Suppose I have an equation (this is a "legendre transform"):
$$f(x)=yx-g(x)\Huge {|}\large _{y=\frac {\partial g}{\partial x}}$$
Then intuitively, I can interpret the "such that" bar as a meta-operation: The formula on the right should replaced with the one where the $y$ is substituted with $\frac {\partial g}{\partial x}$.
But suppose instead that we have $f$ as a function of $y$:
$$f(y)=yx-g(x)\Huge {|}\large _{y=\frac {\partial g}{\partial x}}$$
Then it is unclear to me what this means formally, since if we just replace $y$ with $\frac {\partial g}{\partial x}$, $f(y)$ is not given as a function of $y$. Intuitively, I can think of the right hand side as: "the formula that you get when you substitute away $x$ from $yx-g(x)$ given the assumption that $y=\frac {\partial g}{\partial x}$". But it is unclear to me how this is interpreted formally/rigorously. (I am aware that such a formula doesn't always exist).
Context: The Legendre transform is used in the context of physics, see e.g. this answer.
In convex analysis, the Legendre transform of a convex function $g$ is the function $f$ defined by $$ \tag{1} f(z) = \sup_x \, \langle z, x \rangle - g(x). $$ (Technically, we should also assume that $g$ is lower semicontinuous in order to guarantee that $f$ is well-defined.)
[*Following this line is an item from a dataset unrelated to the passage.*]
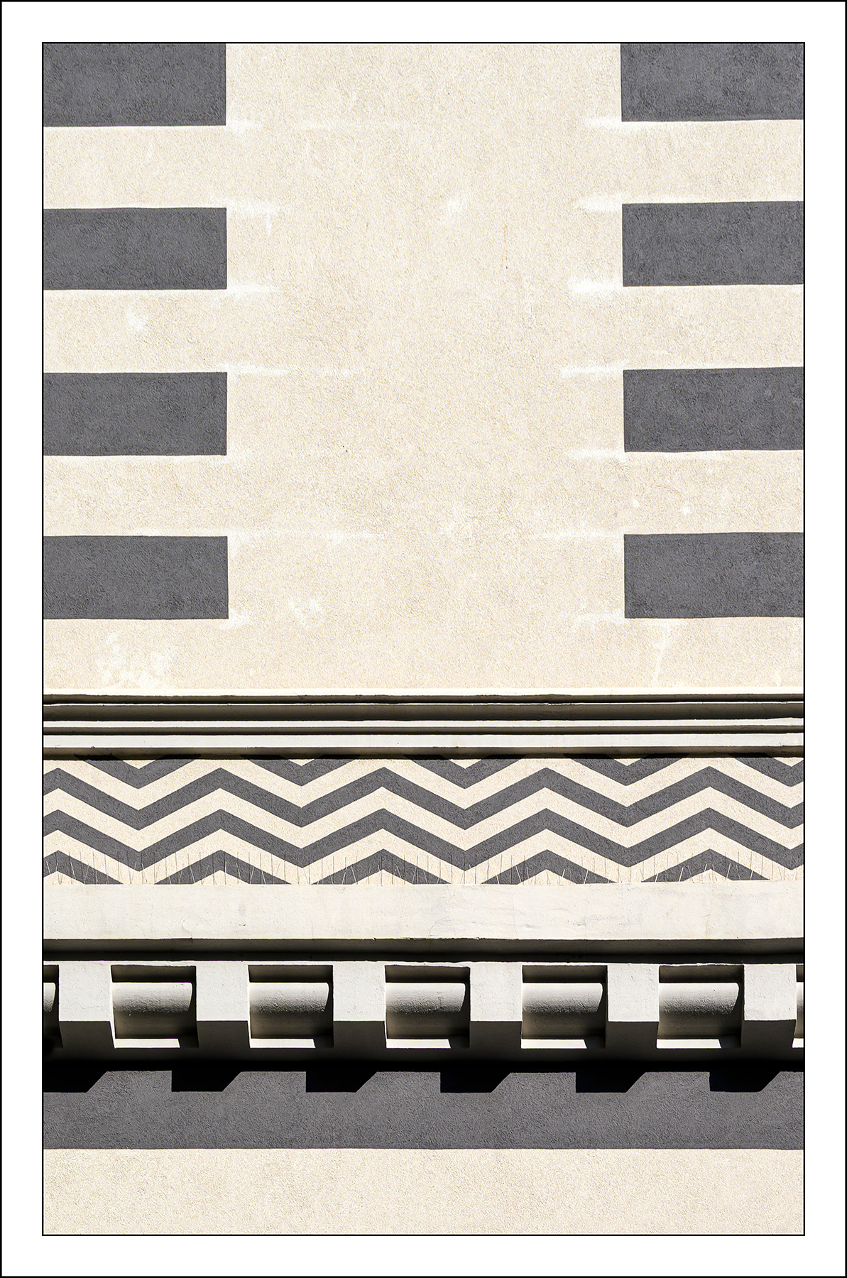 Questa immagine è un affascinante studio di astrazione geometrica e contrasto formale ricavato da un dettaglio architettonico. È un esempio di come l'occhio possa isolare e focalizzare l'essenza grafica del mondo che ci circonda.
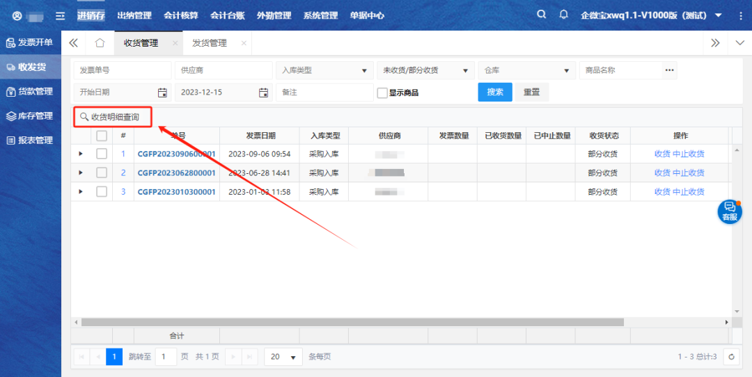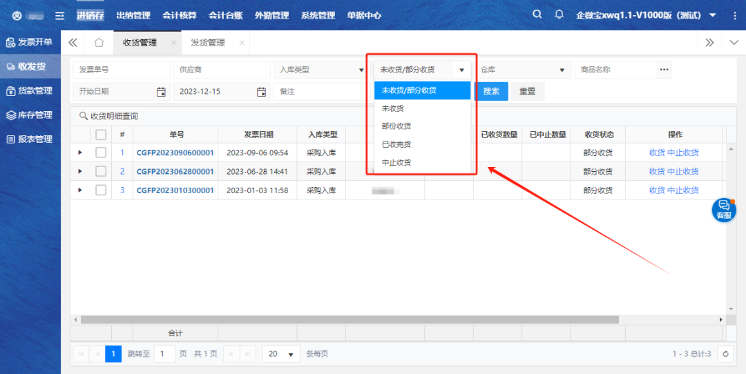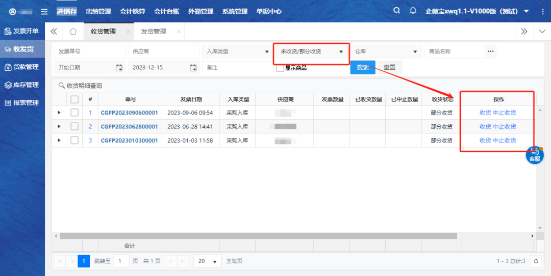 二、未收货/部分收货的单据可以进行收货或中止收货的操作。

If $g: \mathbb R^n \to \mathbb R$ is differentiable, we can evaluate the expression on the right by setting the gradient with respect to $x$ equal to $0$, which yields $$ \tag{2} z = \nabla g(x). $$ Assuming that $x$ has been chosen so that $(2)$ is satisfied, we have $$ f(\nabla g(x)) = \langle \nabla g(x), x \rangle - g(x). $$ However, it seems to me that (1) is a much more clear definition of $f$.